Brow Beat

Visiting Westworld Seems Like a Pretty Bad Deal, From a Legal Standpoint

“Getting run over by a goddamned train” is covered under section 2(b).

John P. Johnson/HBO

HBO has set up a fake website for its upcoming series Westworld, which gives users a standard sales pitch to “Live Without Limits” by visiting Delos Destinations’ premier simulated Wild West resort. It’s the standard high-end hotel template: a booking section (no vacancy), slick photos, and slogans like “Fall in love, or plunge into lust. In Westworld, there are no safe words” that suggest Delos hired the ad agency that does those Cosmopolitan of Las Vegas spots. But there’s one section worth studying closely: the Terms of Delos Destinations, a dense block of legalese that makes expansive claims not even the worst Silicon Valleyautocrats would dream of. (There’s no way to link to the terms of service page directly, but from the main page, click in the “Enter Your Email” box and a link to the “Terms of Delos Destinations” will appear.) Here’s a quick rundown of some of the lowlights:

Some of the Limitations of Liability Are Disturbingly Vague: Section 2(e) of the document states that Delos won’t have any liability to guests if they are unable to offer the service due to “circumstance beyond our control,” which is a pretty common claim to make. But along with the usual boilerplate—acts of God, storm, fire, strike, civil disturbance, etc.—is “Host malfunction,” i.e., robot uprising, which seems like the kind of thing that would, ideally, be under their control.

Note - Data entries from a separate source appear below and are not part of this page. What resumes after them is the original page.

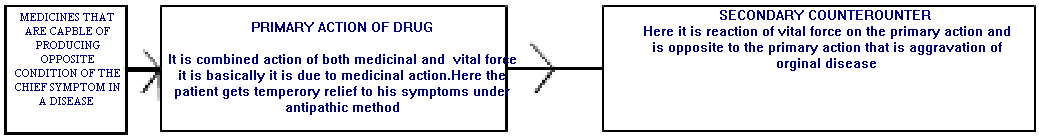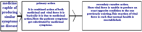 Homœopathic medicine chosen based on account of the similar affection it produces on healthy individual. Here homoeopathic medicinal symptoms occupy the place of morbid derangement present in the organism as a similar, stronger artificial disease (drug disease), and step into the place of original natural derangement. A small dose of dose every one of the homoeopathic medicine produces a primary action that is perceptible to a sufficiently attentive observer. But living organism employs against this primary action only so much reaction as is necessary for the restoration of the normal condition.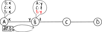 - DV: each of the DVs has destinations (Bellman-Ford: ).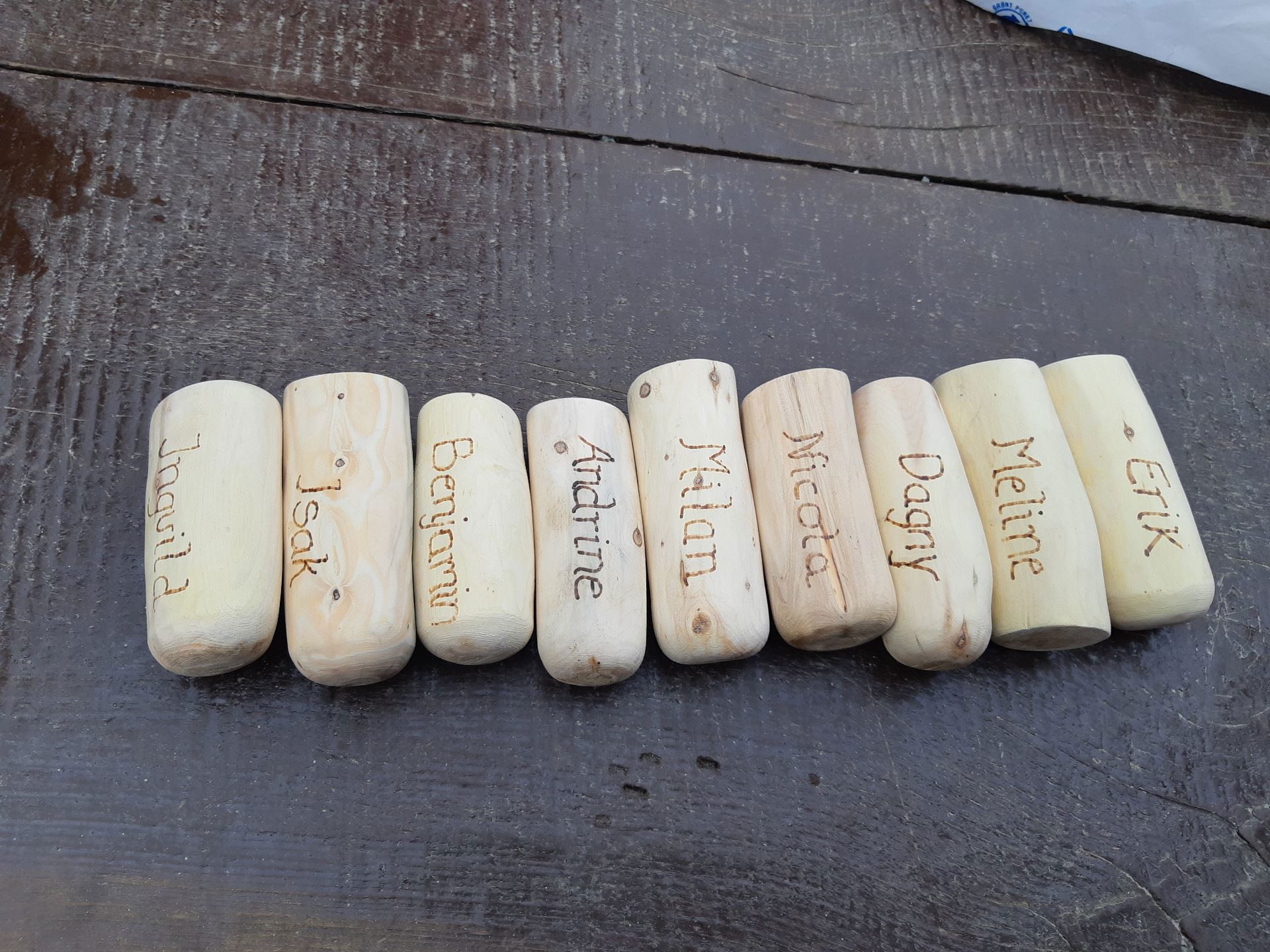 Vi går i skogen og sager emner til kniv, deretter spikker vi og pusser i masseviss. Førskolingene er super ivrig og vet at når de slutter i barnehagen til sommeren får de med seg hver sin spikkekniv med navnet sitt med hjem. Stor stas !!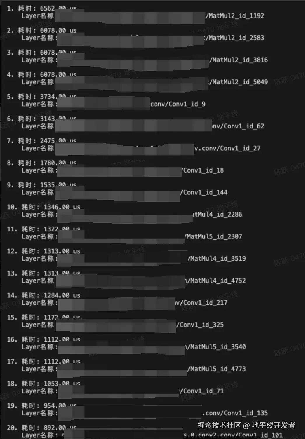 如下图是使用脚本统计的算子耗时,可以看到以下信息: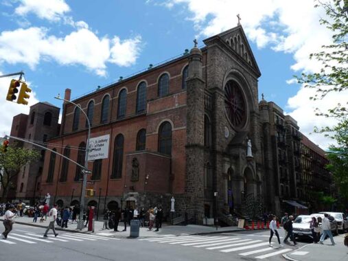 St. Anthony of Padua Church, 155 Sullivan Street, was dedicated in 1888 and originally couldn’t be seen from Houston Street, as it was widened in the 1930s for the IND subway and properties on the south side of the street were condemned and torn down. The church, founded in 1859, was originally located a couple of doors south at #149 Sullivan before the present church went up. According to the New York City Chapter of The American Guild of Organists it was the first parish in the United States created to serve the growing number of Italian Catholic immigrants. Street View shows you better detail; once again because of sun angle, I was unable to get non-glary photos.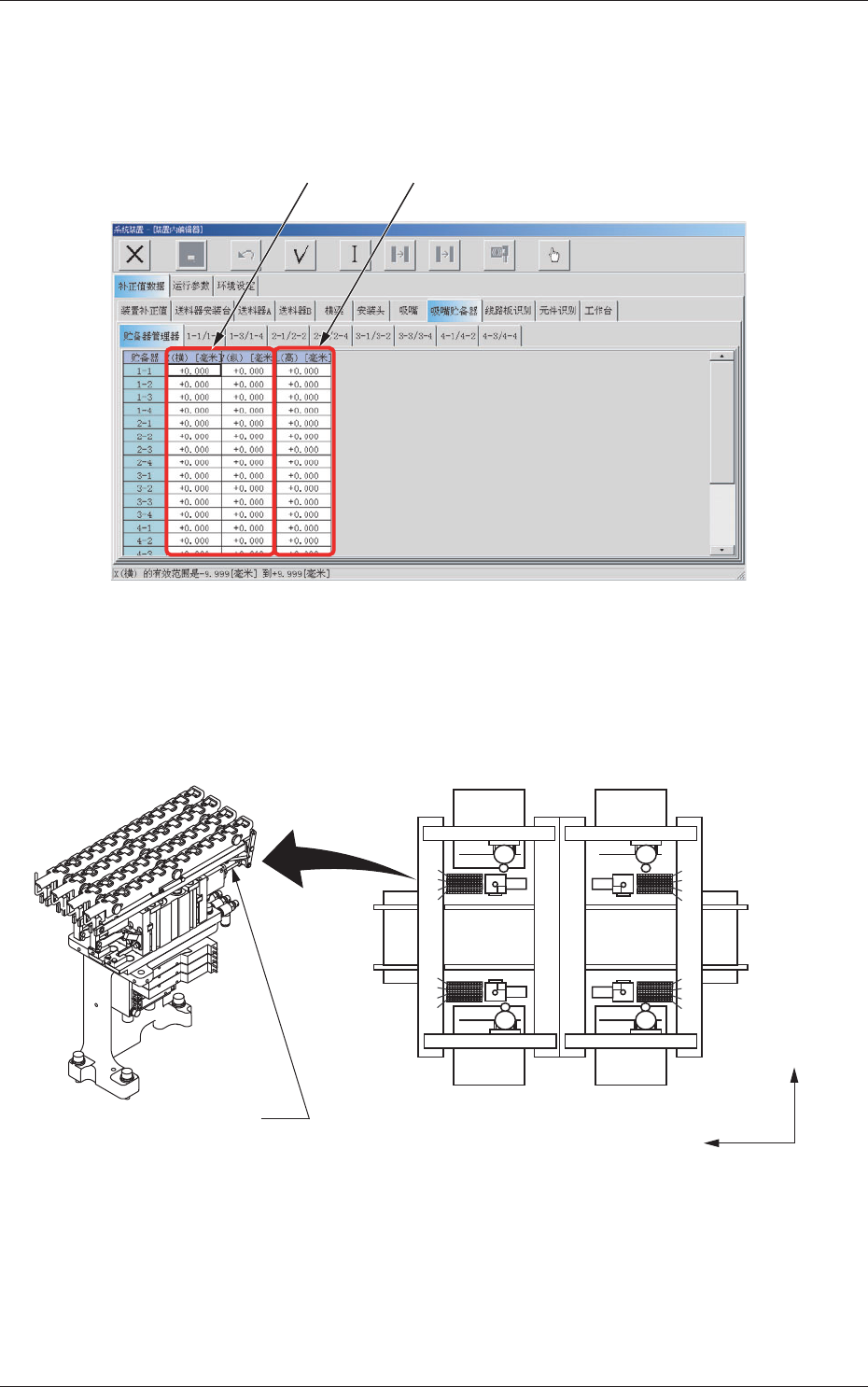 是吸嘴上面和吸嘴上下控制杆的设计值差距的补正值数据。
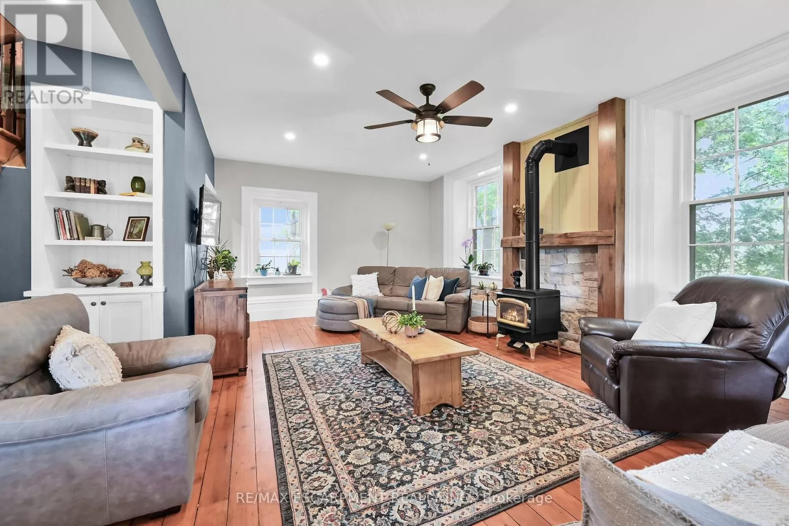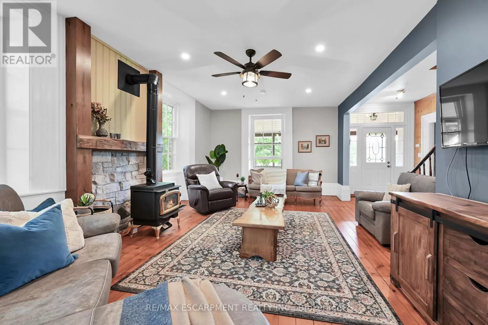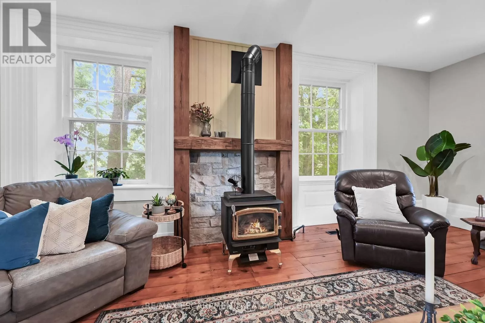 Cross Streets: Haldimand Rd 55. ** Directions: HALDIMAND ROAD 20 WEST FROM HAGERSVILLE, LEFT ONCONCESSION 14, THROUGH STOP SIGN, ON RIGHT HAND SIDE. This one feels like home! 3.66 acre country charmer features an 1890 farm house, oozing with character & has been lovingly maintained by current owner, providing the perfect combination of modern amenities while keeping the charm of yesteryear. Beautiful treed lot with farm fields behind, the house sits well back from the road. Enjoy the quaint covered front porch with views of your rolling front yard & quiet neighbourhood. Inside the house you will find soaring ceilings, massive thick basebord trim & window trim, rustic hardwood floors, vintage window style with cozy window seats. Main level features country kitchen, back mud room + 2 piece bath, dining room, living room with n/g fireplace, large laundry room plus 4 piece bath. Two stairway accesses to the upper level - one leading to bedroom/loft & the other to the rest of the upper level inc large master bedroom with walk in closet, 3 pc ensuite priviledge & 2 additional bedrooms which have been recently taken down to the studs and restored(2024). Lower level is in 2 parts - main area features an on grade walk out, large rec room/office/great space for a home business, plus garage/workshop. Other basement is more utility style - houses the hot water heater'17, electrical panel & water softener. Outside - the exterior of the original house is stone with siding on the addition. Asphalt shingles 2010. Drilled well, septic bed & lots of parking. The 3.66 acre parcel includes a lot in the front that is being sold with the property. This lot will permit a dwelling to be built on it - so if you are looking for property that will allow a second living quarters to be added - you have found it!! (id:27476)

Some of the Other Limitations of Liability Are Disturbingly Specific: Fine, Westworld has more exposure to buffalo stampede death lawsuits than most resorts; put it in the contract. But what kind of a company feels the need to explicitly state that it’z not responsible if you die from autoerotic asphyxiation? (Excluding rope manufacturers.) What about self-cannibalism? Would you go to a resort where deaths from self-cannibalism were a frequent enough problem that it’d make it to section 2(b) of the terms of service?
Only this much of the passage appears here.